Ma voisine – pas du tout croyante – se demande pourquoi autant de religieux et religieuses se présentent à la porte de mon cabinet. « Ah bon, ils en ont besoin ? ! », s’exclame-t-elle quand je lui dis que je les reçois en thérapie.
Preuve qu’il n’y a même pas besoin d’être chrétien pour penser que ceux qui ont une vocation deviennent directement des saints, ou en tout cas des anges, sans corps, sans psychisme et sans conflits.
Il semble que nous soyons nombreux à penser de la même manière et que ce soit même une sorte de réflexe conditionné. Quand « il » ou « elle » a reçu un appel à consacrer sa vie à Dieu, n’en fait-on pas un être à part, un peu désincarné ?
Surtout « il », me semble-t-il, quand on voit avec quelle révérence certains peuvent s’adresser au jeune prêtre de leur paroisse.
On a tous besoin d’avoir un idéal. Admirer certaines personnes et nous identifier à elles, c’est ce qui nous aide à avancer. Mais notre problème de base, celui de notre humanité, c’est qu’on veut tout, tout de suite, et complètement.
Les chapitres 2 et 3 de la Genèse constituent à ce titre un magnifique précis de psychologie. Par conséquent, quand on idéalise, on y va carrément, mais c’est inconscient.
On veut avoir tout et, par extension de ce même réflexe, l’autre doit être tout. On aimerait que les gens qu’on admire soient parfaits. On les installe sur un piédestal et ils ne doivent plus en bouger sous peine d’être rapidement voués aux gémonies.
C’est ce qui est arrivé récemment à un certain nombre de fondateurs de communautés. Loin de moi l’idée de vouloir les disculper des terribles dégâts qu’ils ont pu engendrer et de leur responsabilité.
Mais ce qui m’intéresse ici, c’est l’idéalisation qui sous-tend ces réflexes. Parce que, s’il s’agit d’une caractéristique inconsciente de chaque être humain, il y a peut-être aussi une dimension collective à cette tendance à la spiritualisation hors-sol.
Les religieux et les religieuses que je reçois me donnent des pistes. Certes, ils ne sont pas représentatifs de toutes les communautés ni de l’Église dans son entier, mais ce qu’ils me disent résonne avec tous ces scandales des dernières années.
« Dans ma communauté, il faut s’oublier, ne pas s’occuper de soi, de ses émotions. Tenir compte du psychique, c’est presque un péché. Du coup, personne ne se livre. Au bout d’un moment, on enfile un rôle et on finit tous par jouer des jeux de rôles. On est beaucoup dans le spirituel, mais le réel ne suit pas. Ça manque de parole, de vie, de chair. »

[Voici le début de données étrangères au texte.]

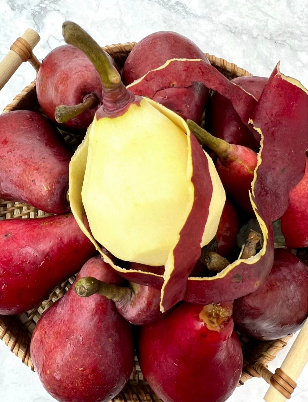 Die rote Birne ist eine einzigartige und köstliche Birnensorte, die von Verbrauchern wegen ihres leuchtend roten Aussehens und ihres süßen Fruchtfleischs geliebt wird. Es ist vielseitig einsetzbar und kann pur gegessen oder für eine Vielzahl von Gerichten und Zubereitungen verwendet werden.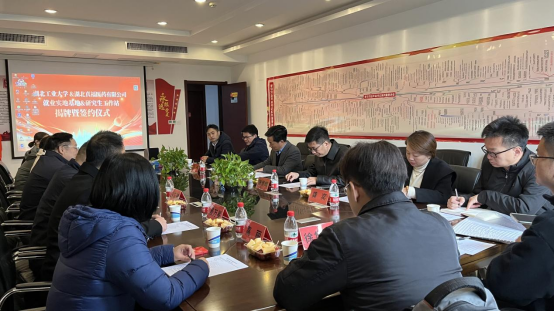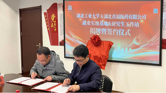 武漢真福創(chuàng)新生物制藥有限公司總經(jīng)理董艷山與湖工大生命科學與健康工程學院黨委書記王輝簽訂《碩士研究生聯(lián)合培養(yǎng)工作站協(xié)議書》。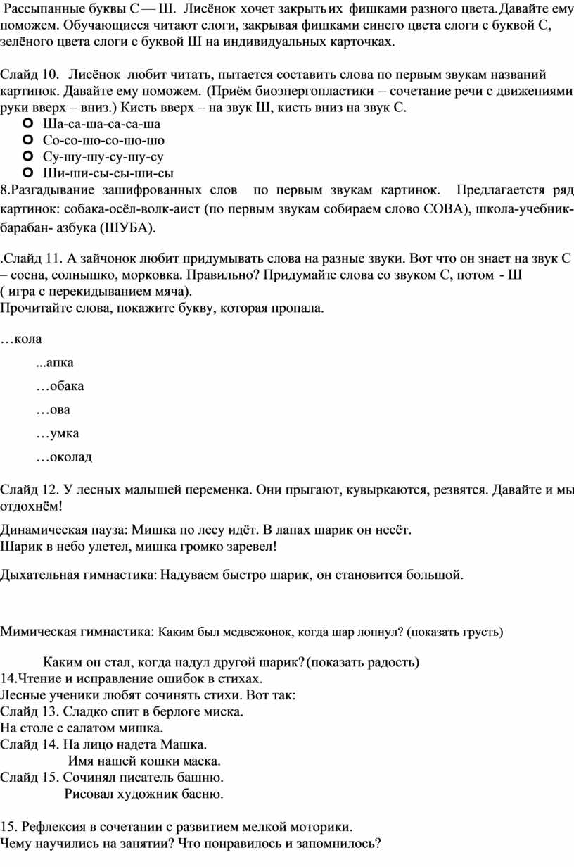 7.Слайд 10. Лисёнок любит читать, пытается составить слова по первым звукам названий картинок. Давайте ему поможем. (Приём биоэнергопластики – сочетание речи с движениями руки вверх – вниз.) Кисть вверх – на звук Ш, кисть вниз на звук С.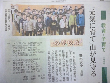 2016年12月6日 16時16分12月6日(火)、本日の福島民友新聞に、野木沢小学校の校歌を紹介する記事が掲載されました。これは11月21日に取材を受けた内容です。ぜひ、ご覧ください。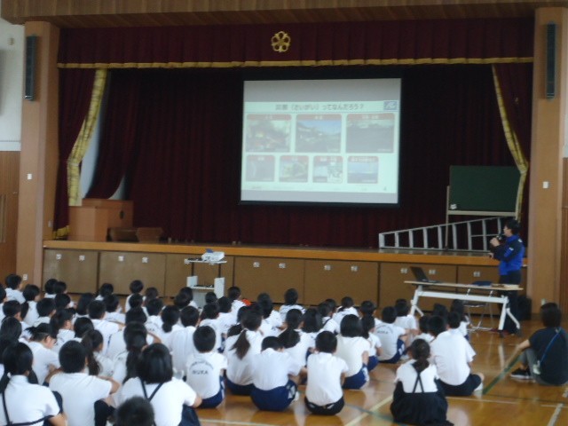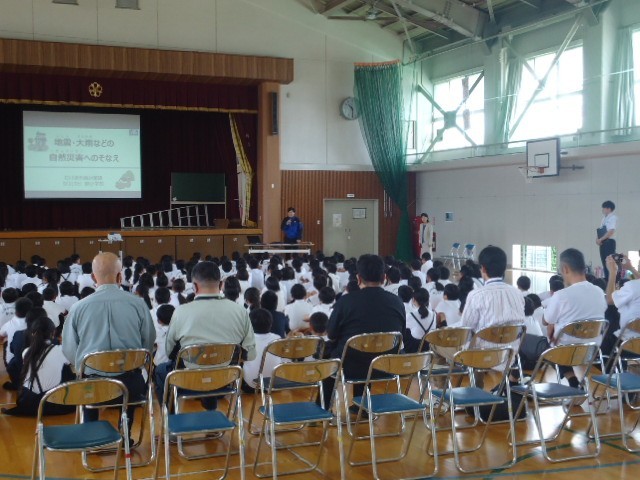 4,5,6年生が防災教育出前講座を受けました。県危機対策課の今村さんから地震と水害についてのお話がありました。どちらのお話もどれだけ準備をしっかりできているか、準備の大切さがよくわかるお話でした。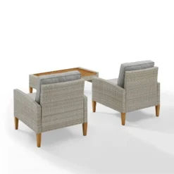 Capella Outdoor Wicker 3 Pc Set With Two Chairs And Coffee Table Gray/Acorn – Crosley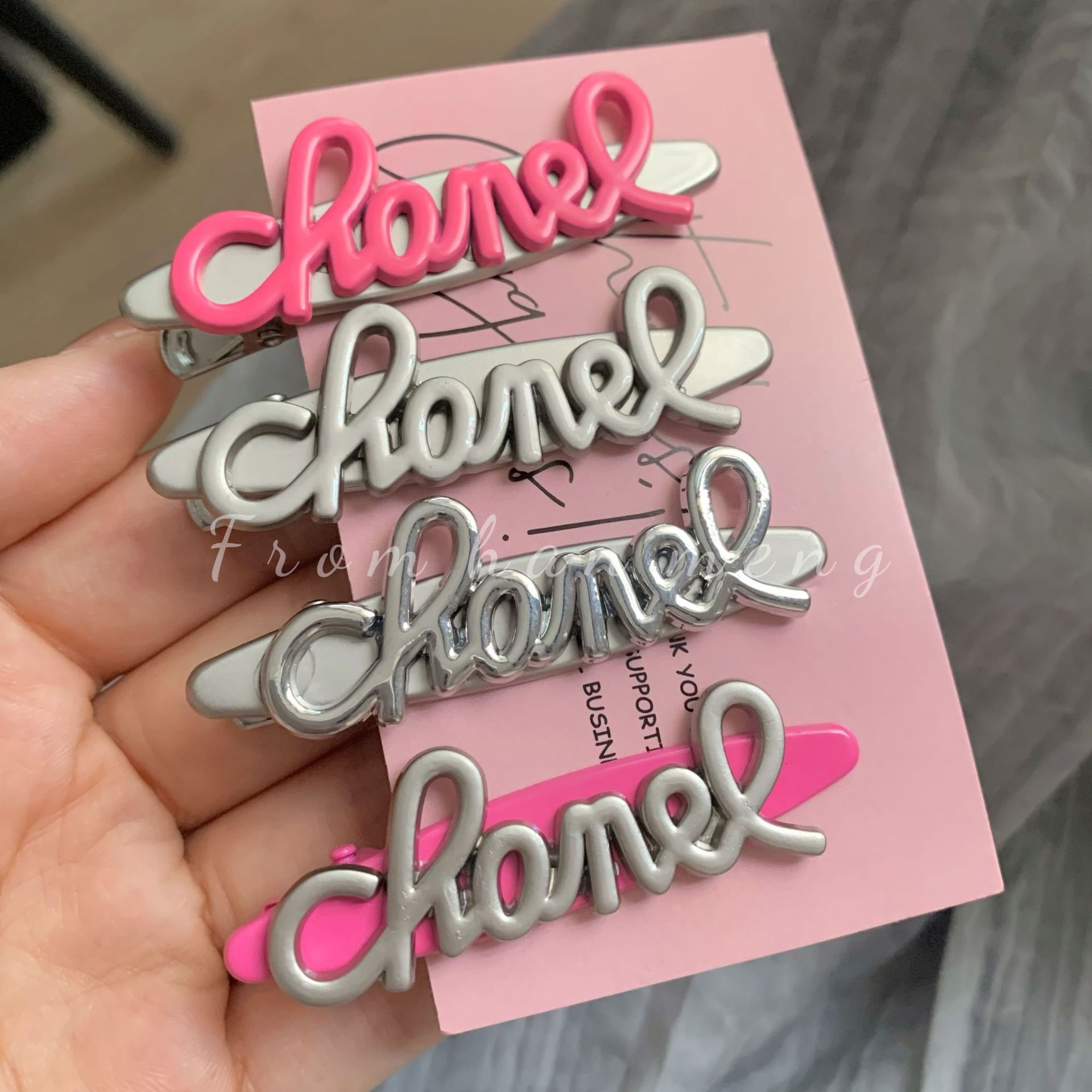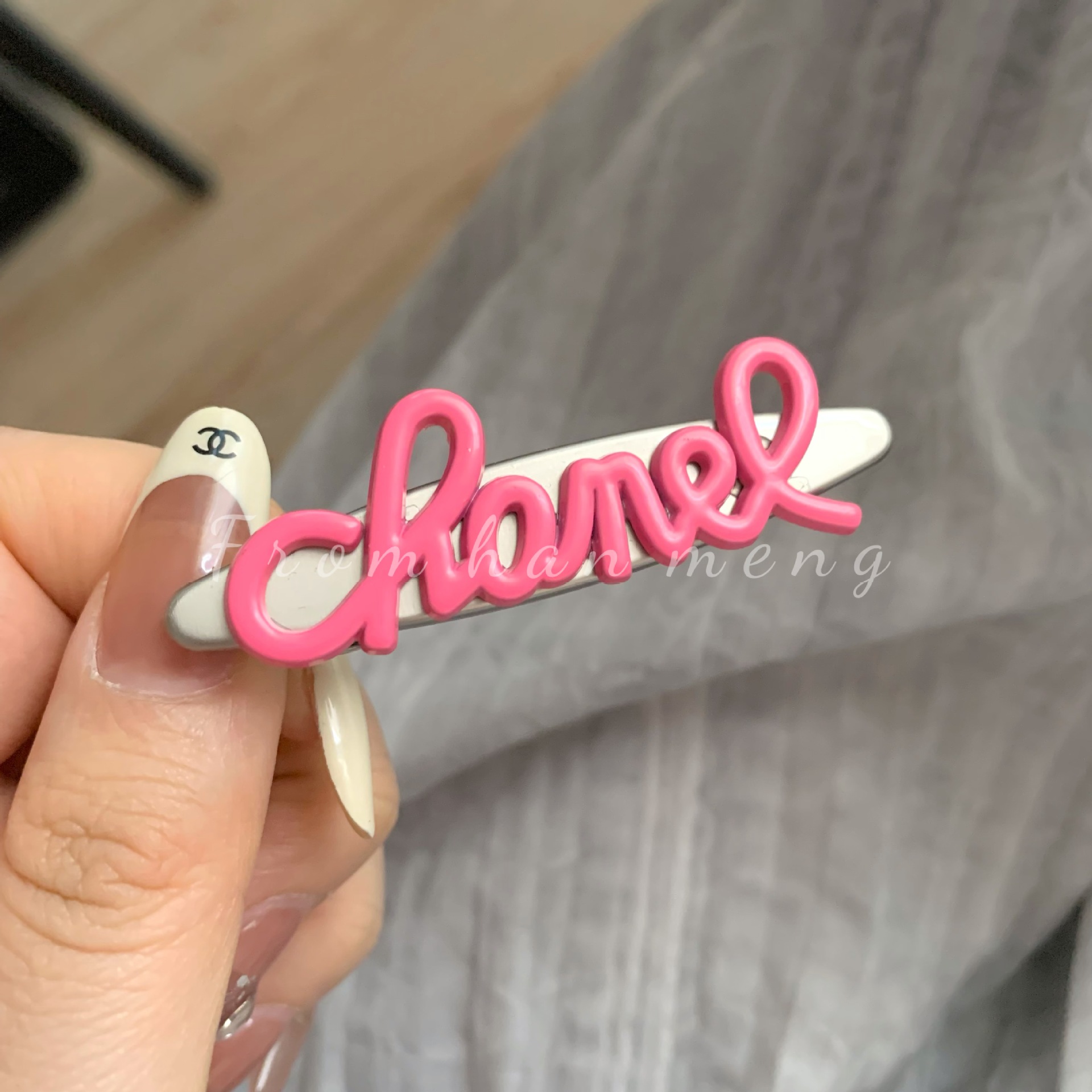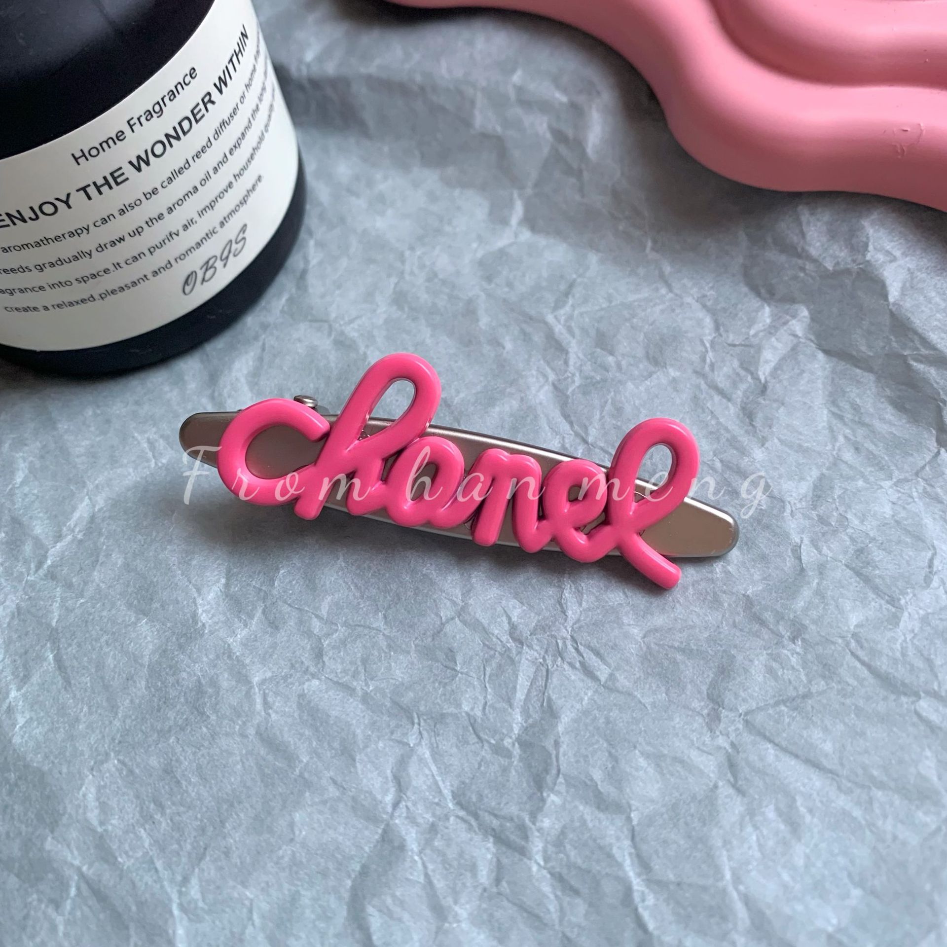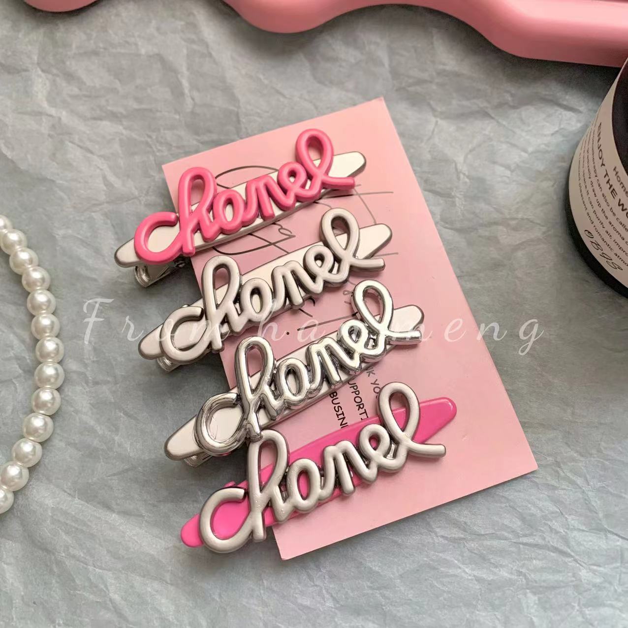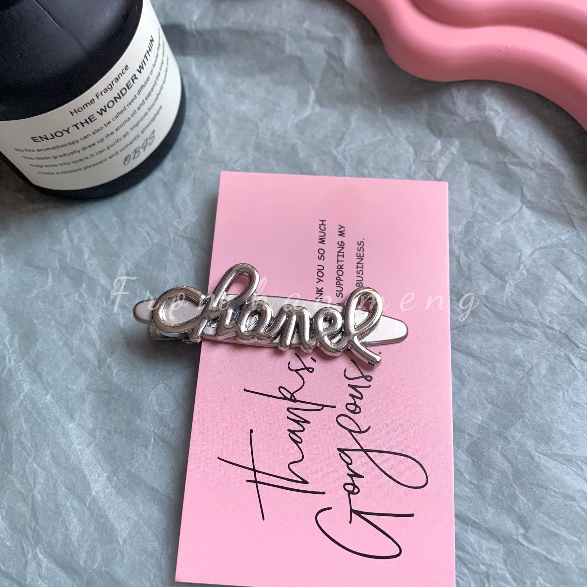 高级感字母发夹甜美少女小红书合金粉色小香风发饰鸭嘴夹刘海夹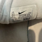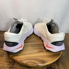 Brand: Nike Style: Womens low-top running shoes with cushioned midsole and lace-up closure for everyday training and athletic wear. Color: Off-white / cream upper with light purple midsole, bright red Swoosh accents, black heel branding, and white laces. Size on tag: Womens US 9.5, UK 7, EUR 41, CM 26.5. Style/Model code: DV1238-101. UPC: 00197593617204. Details: Lightweight woven/mesh-style textile upper, padded collar, foam midsole with wavy sculpted sidewalls, durable black rubber outsole, Nike Swoosh logos on sides, Nike wordmark on heel, and printed pull tabs on tongue. Manufacture info: Dated 09/21/23 to 11/09/23; made in Vietnam (per interior label).

Peut-être avons-nous un peu trop séparé le haut du bas, le spirituel du charnel ? Peut-être que contrairement à ce que pense ma voisine, un cheminement spirituel n’est pas une danse gracile dans des sphères éthérées ?
Est-ce que le spirituel n’a pas eu, longtemps, une connotation de monde d’en haut, séparé du monde d’en bas, celui de la chair, un peu méprisée ?
Alors que pour naître d’en haut, il faut aussi naître d’en bas, c’est-à-dire entrer en relation avec les profondeurs de notre nature humaine, de notre corps, nos instincts, nos pulsions, la partie de notre être traditionnellement considérée comme inférieure.
Pour réellement faire le lien, l’expérience concrète de ce que notre religion de l’Incarnation a à nous enseigner.